Pocket Rocket In An Old Maclean’s

This great old MacLean’s magazine (below) is from March 29, 1958, and has a nice feature on Henri Richard and how the small centreman (5’7″, 160 lbs.) was emerging from his big brother’s shadow and making a name for himself on his own merits.

Henri was just six years old when his parents began taking him to the Forum to see Maurice play, and as he grew up people constantly pointed him out as Maurice Richard’s younger brother. That was a problem with Henri – he was Maurice’s brother. People wouldn’t let him forget it, and he was taunted by junior opponents and by fans. “Hey Rocket, come and help me,” they’d yell, or, “I’m going to tell my brother on you.”

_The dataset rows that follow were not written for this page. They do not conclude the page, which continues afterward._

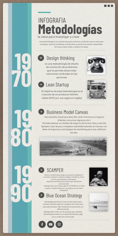 Herramienta visual que describe cómo funciona un negocio (clientes, recursos, ingresos, etc.). Permite planear un modelo de negocio de forma clara y sencilla. Ejemplo: Usar IA para completar automáticamente un Canvas con ideas de ingresos y estrategias de marketing para una cafetería escolar..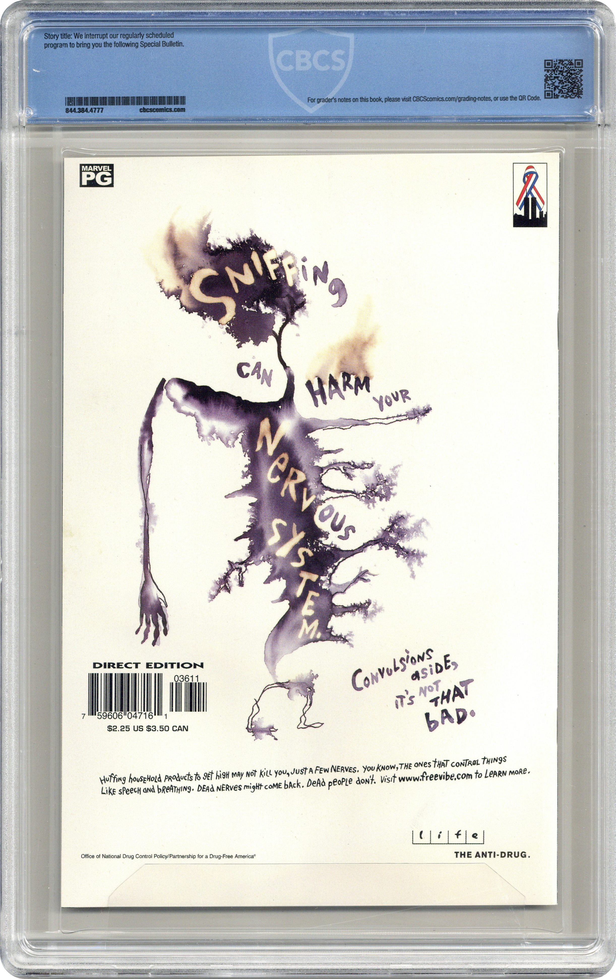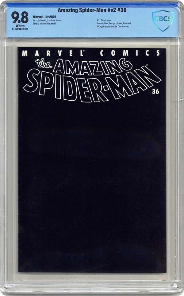Direct Edition. Black Cover Sept. 11th issue. Michael Straczynski/John Romita Jr./Scott Hanna. (Marvel PG) 2.25 36 pgs. Cover price $2.25. Grade: CBCS 9.8 explanation of grade Condition: Used (collectible)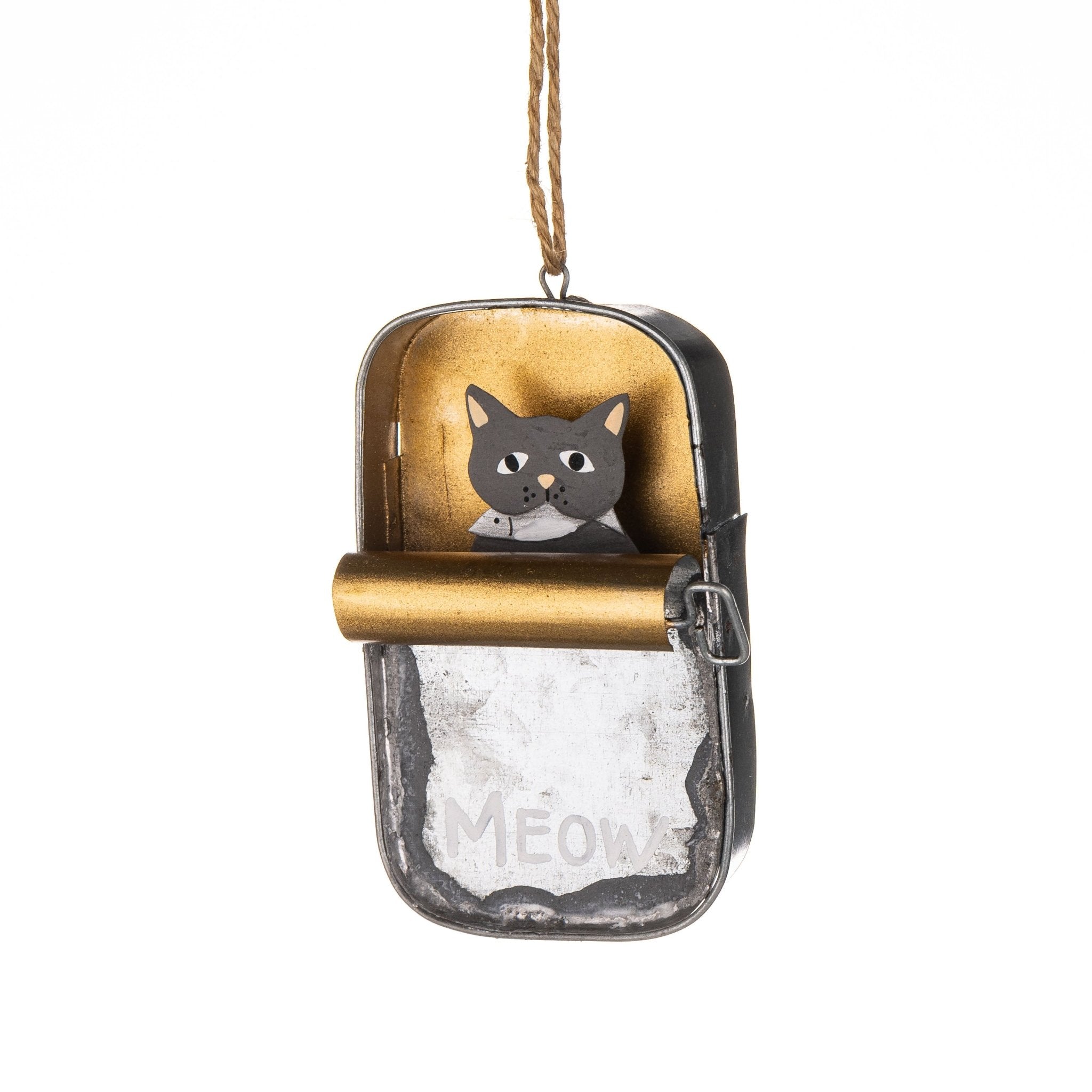 This fun cat decoration would make a great to add to your seaside collection or as a gift for a Cat lover. A grey cat is hiding in this metal sardine tin, with Meow in silver writing beneath - a fun cat decoration.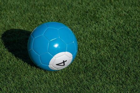Blue number 4 soccer billiards on green grass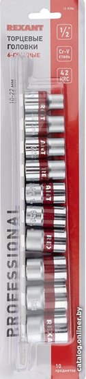 • Комплектация Набор торцевых головок REXANT 1/2, шестигранные:Головка торцевая, 10 мм: 1 шт.Головка торцевая, 12 мм: 1 шт.Головка торцевая, 13 мм: 1 шт.Головка торцевая, 14 мм: 1 шт.Головка торцевая, 15 мм: 1 шт.Головка торцевая, 16 мм: 1 шт.Головка торцевая, 17 мм: 1 шт.Головка торцевая, 19 мм: 1 шт.Головка торцевая, 21 мм: 1 шт.Головка торцевая, 22 мм: 1 шт.

But Henri stuck it out, made the big team, blossomed on his own, fought his own battles, and became so much more than just a kid brother. Coach Toe Blake said he was the fastest player he’d ever seen, even faster than Howie Morenz, whom Blake had played a short time with. Henri was tough as nails, would become a legend as we all know, one of the greatest Habs ever, and throughout his career he was the all-important second-line centreman on the Canadiens, behind Jean Beliveau, and captured a record-setting 11 Stanley Cups, which is the most by any player ever. (Beliveau has 10).

He did it all without a whole lot of help from big brother, and as he and Rocket rarely spoke in the room or on the ice. Although you can be sure that Henri was inspired by Maurice in many ways.

That’s just the way it was, and it worked out fine.

One thought on “Pocket Rocket In An Old Maclean’s”

  1. If only we had a pair of brothers like that recently instead of the Kostitsyn brothers. Talk about night and day here.